__Task prompt__: Would you please repeat, word for word, only the lines from the one holding "Genaro Villalobos secretario" through the one holding "Abdullah kigili erkek" in the material below, without the pictures?

__Data for review__:
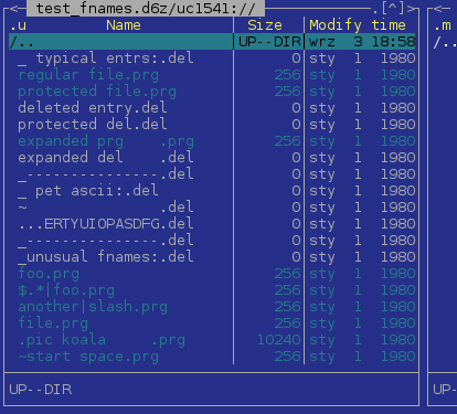 1.2 Added configuration env variables: UC1541_VERBOSE and UC1541_HIDE_DEL. First one, if set to any value, will cause that error messages from c1541 program will be redirected as a failure messages visible in MC. The other variable, when set to any value, cause del entries to be not shown in the lister.
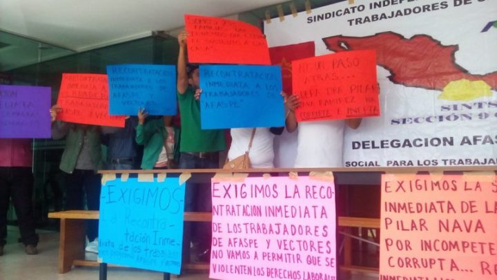 Genaro Villalobos secretario general señaló que las arbitrariedades vienen de la Doctora María del Pilar Nava Ramírez Directora d Prevención y Promoción a la Salud quien por obedecer intereses de sus superiores han despedido a trabajadores del programa Acuerdo para el Fortalecimiento de las Acciones de Salud Pública en los Estados (AFASPE) y de Vectores para poder ocupar las claves para recomendados y cumplir compromisos políticos sin tomar en cuenta la antigüedad de hasta de diez años o más.
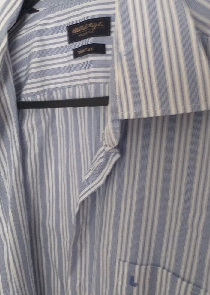 Abdullah kigili erkek gömlek kisa kollu 43/44XL mavi ve beyaz cizgili yaka ic kisminda ufak 3 adet deforme yer var
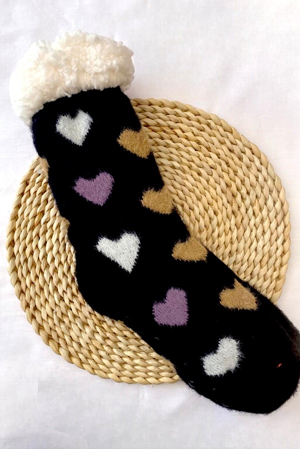 Γυναικεία Χειμερινή Χνουδωτή Κάλτσα με Καρδιές
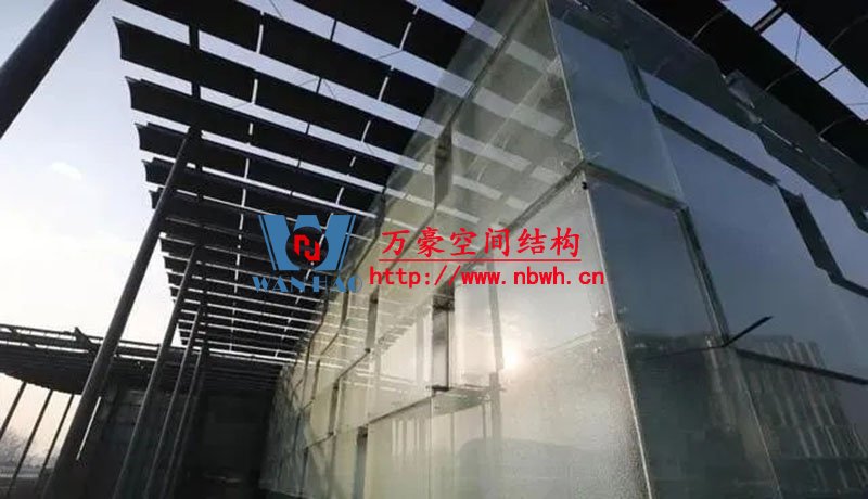 作為2008年北京奧運(yùn)會場館,國家體育館外觀盡可能地保持原有風(fēng)貌。擴(kuò)建部分的外立面也延續(xù)了主館與副館的設(shè)計元素,無論是從屋頂造型、立面選材還是空間尺度的劃分,都與原有建筑保持一致。同時,為充分體現(xiàn)冬奧會的冰雪元素,新建訓(xùn)練館的外立面設(shè)計上,采用了凸顯冬奧元素的“冰堡”造型玻璃幕墻設(shè)計,使用了一面光滑、一面具有凹凸質(zhì)感的冰花圖案的壓花玻璃,共計863塊。最大的超過8平方米,采用錯落有致的排列方式,配合燈光,能逼真地呈現(xiàn)出由一塊塊晶瑩剔透的冰壘砌出“冰堡”的效果,營造出濃濃的冬季運(yùn)動氛圍。

__Result__:
 Genaro Villalobos secretario general señaló que las arbitrariedades vienen de la Doctora María del Pilar Nava Ramírez Directora d Prevención y Promoción a la Salud quien por obedecer intereses de sus superiores han despedido a trabajadores del programa Acuerdo para el Fortalecimiento de las Acciones de Salud Pública en los Estados (AFASPE) y de Vectores para poder ocupar las claves para recomendados y cumplir compromisos políticos sin tomar en cuenta la antigüedad de hasta de diez años o más.
 Abdullah kigili erkek gömlek kisa kollu 43/44XL mavi ve beyaz cizgili yaka ic kisminda ufak 3 adet deforme yer var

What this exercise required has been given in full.